In previous analysis of IWG, we have noted that more than 70% of the genetic variation observed is within accessions (Crain et al. 2023), suggesting that random sampling of seed could influence our observations. In our analysis, we have assumed that field records and that sampling were completely accurate, with similar assumptions for genetic profiling. If errors occurred, after the passage of time it would be almost impossible to identify or correct. Along with potential field errors, the IWG accessions evaluated by RI mainly came from the NPGS system after having been collected in the 1970s and earlier. Until the 1990s there was no isolation protocol in accession regenerations (Johnson et al. 1996) and IWG pollen dispersal has been documented to mainly occur within 10 m (Bajgain et al. 2022) indicating that there could have been the possibility of admixture among the NPGS accessions before they were received for phenotypic evaluation by RI in the 1980s and later genomic profiling. However, for many of the PIs used in Polycross-1, records from NPGS indicate that there had been only one seed increase since collection and distribution to RI therefore RI received NPGS PI accessions as close to the original collection as possible.

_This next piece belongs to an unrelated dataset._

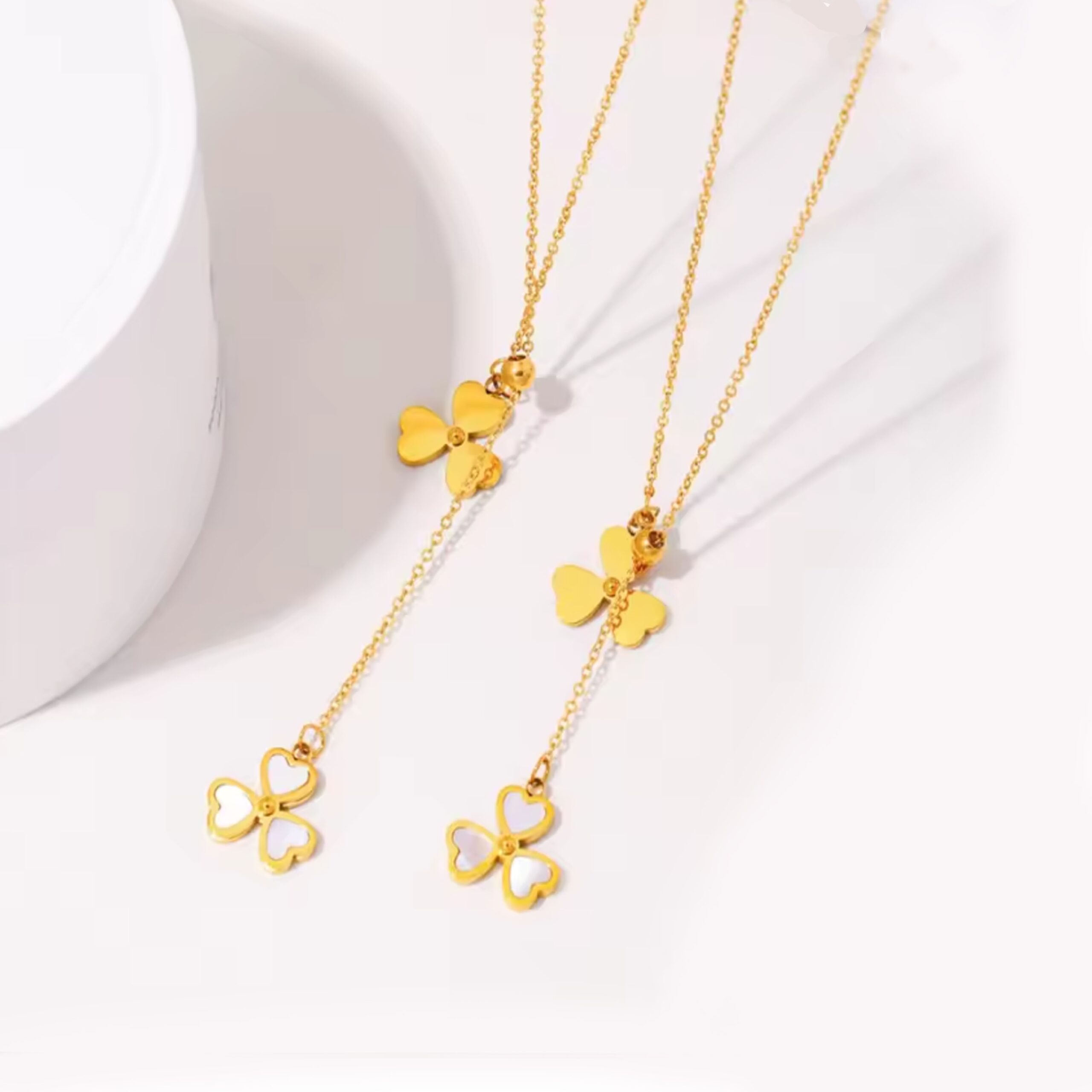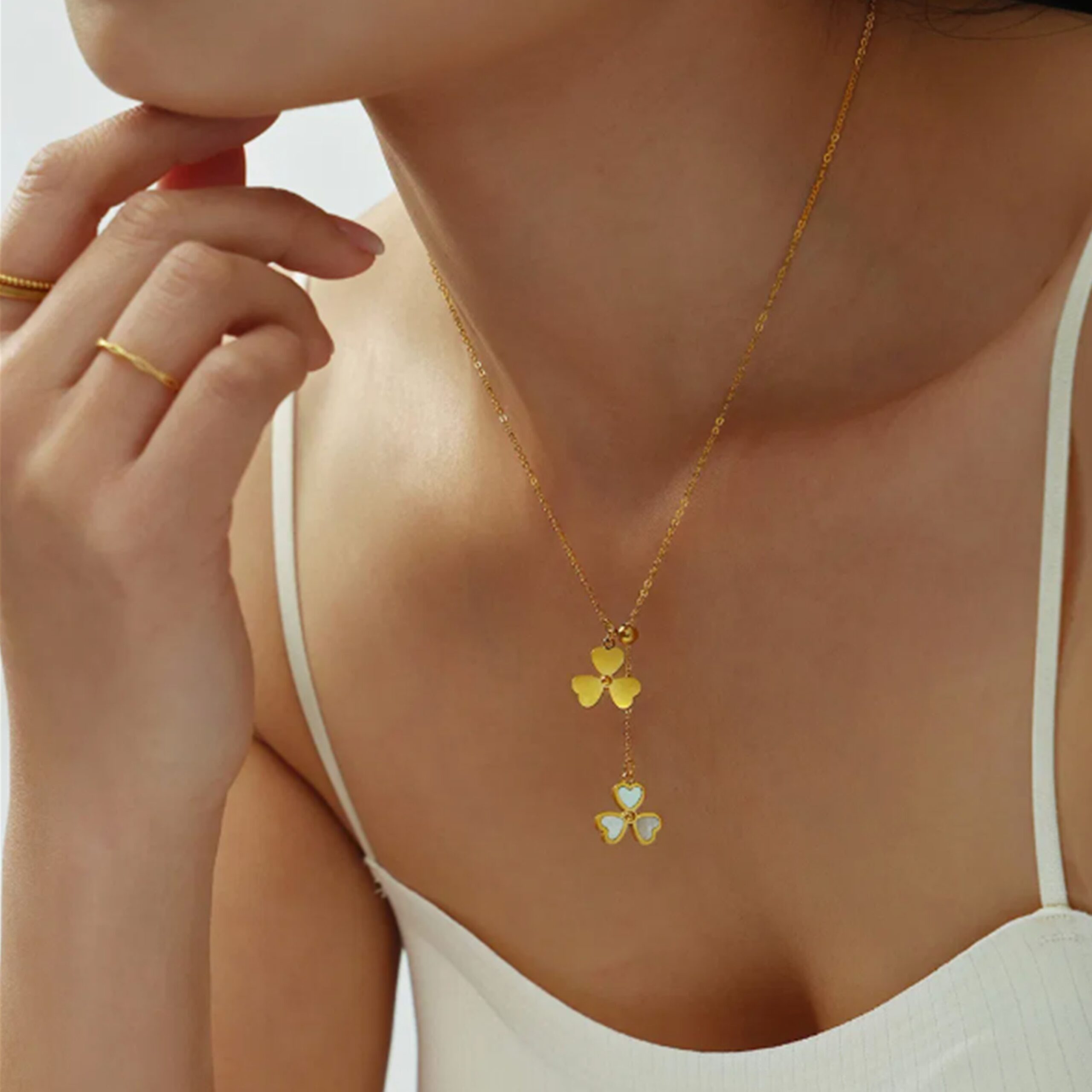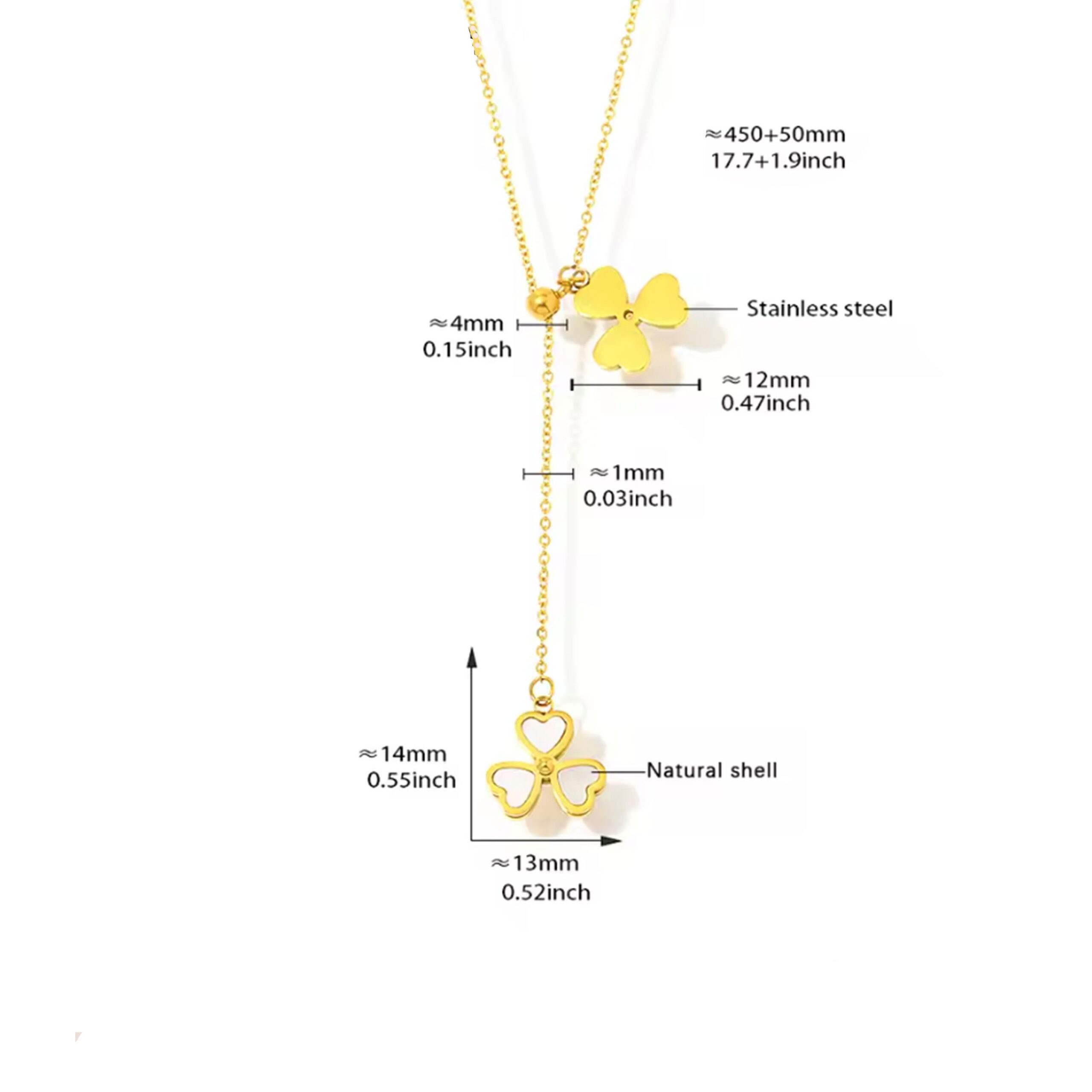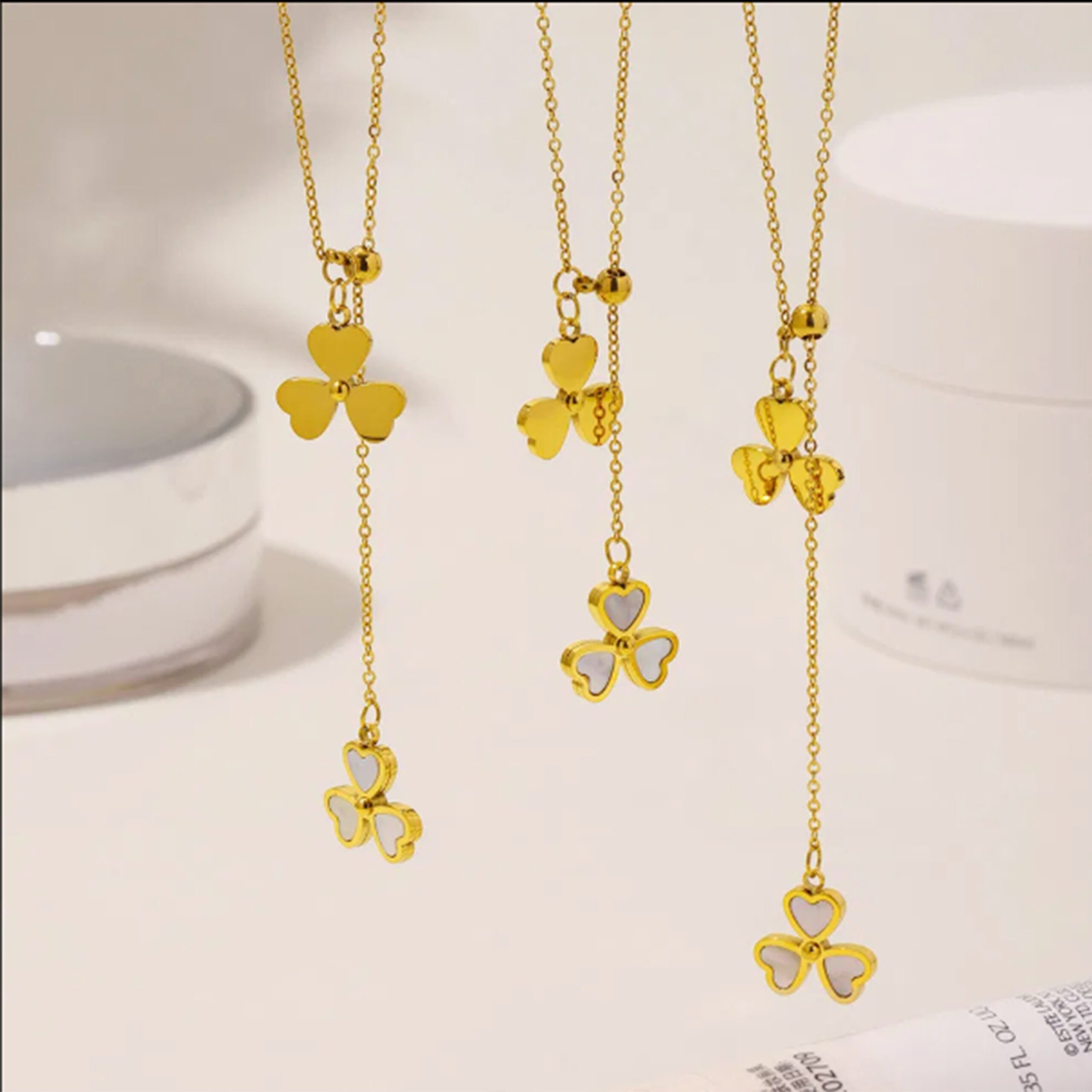 Simple, fashionable and individual design, stainless steel gold-plated natural mother-of-pearl heart-shaped three-leaf flower pendant, pull-out adjustable…

Notably, both historic records and genomic data often indicate many NPGS accessions come from a series of adjacent collections. For example, the PI 4400xx series formed a large portion of the selected 20 accessions for Polycross-1. As many of the accessions were collected during the same expeditions and most likely in chronological or spatial order, it is not surprising that these accessions would often be similar to each other. Work by Crain et al. (2023) showed a strong correlation between geographic distance and genetic distance within the IWG NPGS collections, suggesting that accessions collected near each other are more likely to share alleles. Even with potential germplasm, field, and laboratory errors, the data clearly indicate a small subset of IWG NPGS accessions that are the most likely primary founders of improved IWG germplasm that is currently used for Kernza grain production.

Conclusion

This work identifies direct linkages between NPGS accessions and improved IWG germplasm that is currently grown for Kernza grain production, showcasing how plant germplasm collections and repositories can be utilized for breeding and the development of new crops. By identifying the most likely genetic origins of food-grade IWG, plant breeders can continue to utilize the NPGS accessions for additional genetic diversity for enhanced crop production as well as better understand the domestication effort behind this grain. Confirming the small number of genets (14–20) within the RI breeding program that have been used to improve IWG helps indicate likely effective population size within this new crop and could guide future genetic research. Finally, identifying the primary geographic origin between the Black and Caspian Seas provides areas for future germplasm collections, in-situ conservation initiatives, and identifying accessions that can be used to broaden the current germplasm pool for improved IWG.